# Late teens, early 20's Excelsior



## ohdeebee (Apr 23, 2012)

This is the bike fuzzyktu was trying to sell for a while. I couldn't believe the condition once I pulled it out of the box. The paint on the wood rims is incredible! I added the seat and handlebars/grips. I've ridden the bike a couple of times now and its a bit unnerving to say the least. 

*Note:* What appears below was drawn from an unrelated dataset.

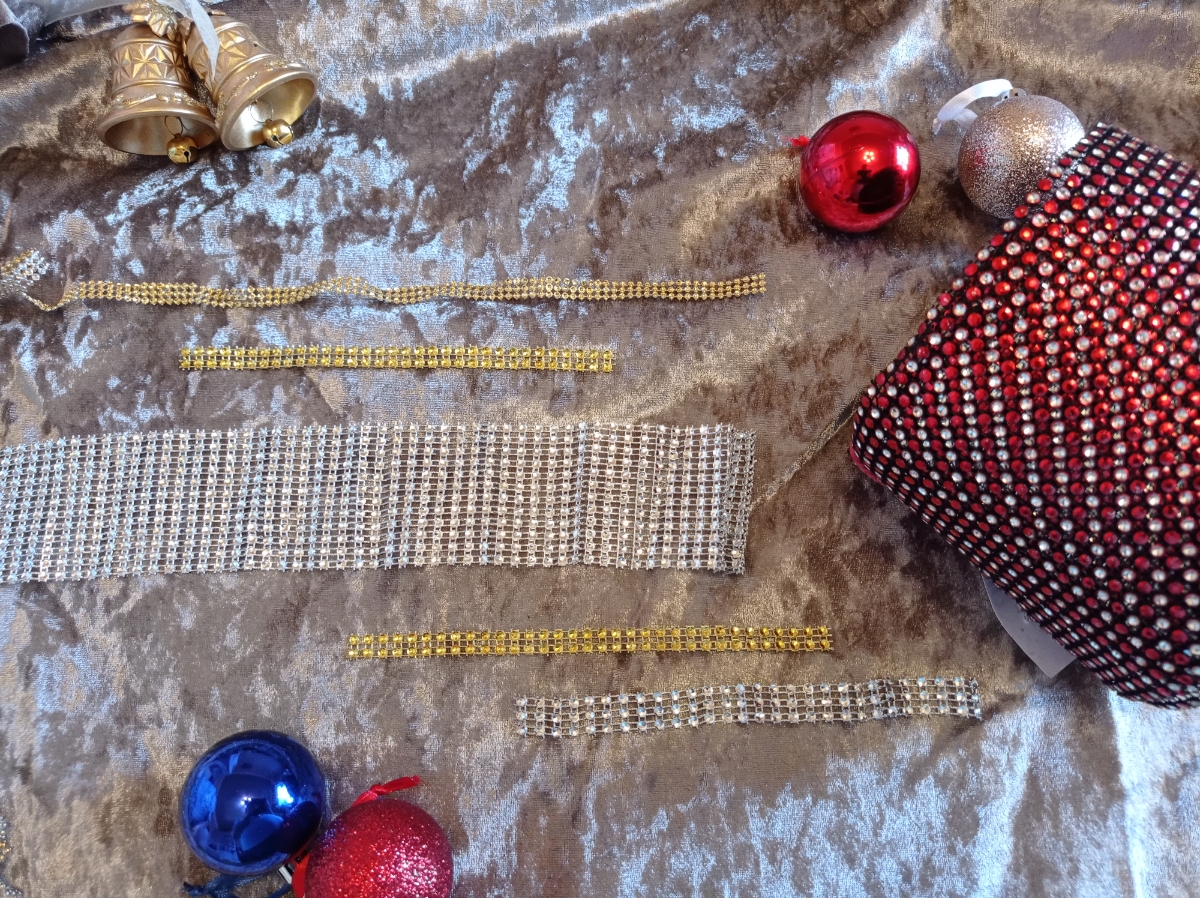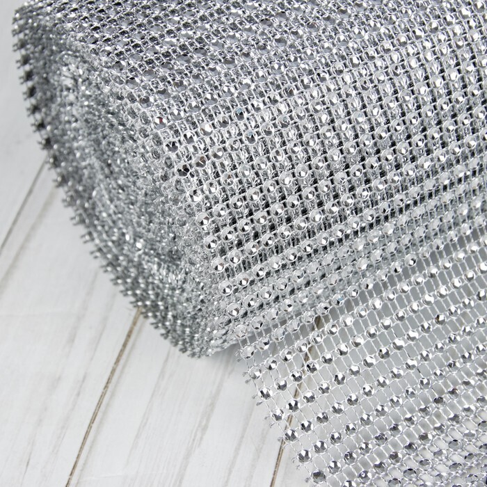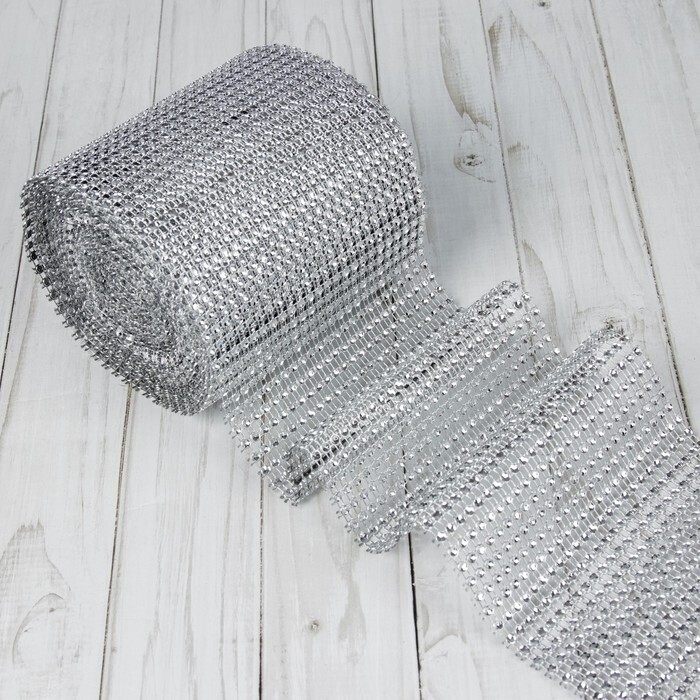 Лента с имитацией страз, 12 см, 9 м, цвет серебряный

I've found a couple of pics of this brand of Excelsior on Dave's site but was wondering if anyone else had any pics they would be willing to share. I know the sprocket is wrong and I would be interested in a correct one if anyone has one. I would also be interested in a battery can if anyone has one they'd part with. Here are some sunny day pics to enjoy! Thanks again Kevin!


----------



## bricycle (Apr 23, 2012)

No doubt about it...that's a great bike!!!


----------



## filmonger (Apr 25, 2012)

*Excelsior*

Not sure if anything on mine is of any assistance. - obviously the seat, handlebars and tires are not Orig. - though I think the rest of it is. Not positive of the Year either.


----------



## ace (Apr 25, 2012)

*Excelsior*

Og Excelsior Jason. Probably a different year than yours?


----------



## ohdeebee (Apr 25, 2012)

ace said:


> Og Excelsior Jason. Probably a different year than yours? View attachment 49740




I remember when you picked up that bike Ace. I dig those oddball colors and long bars.


----------



## filmonger (Apr 28, 2012)

*RE: Bars*

Woow ace those are cool bars.....what's ths skinny on bars like that would love to get some to bring mine back to period.


----------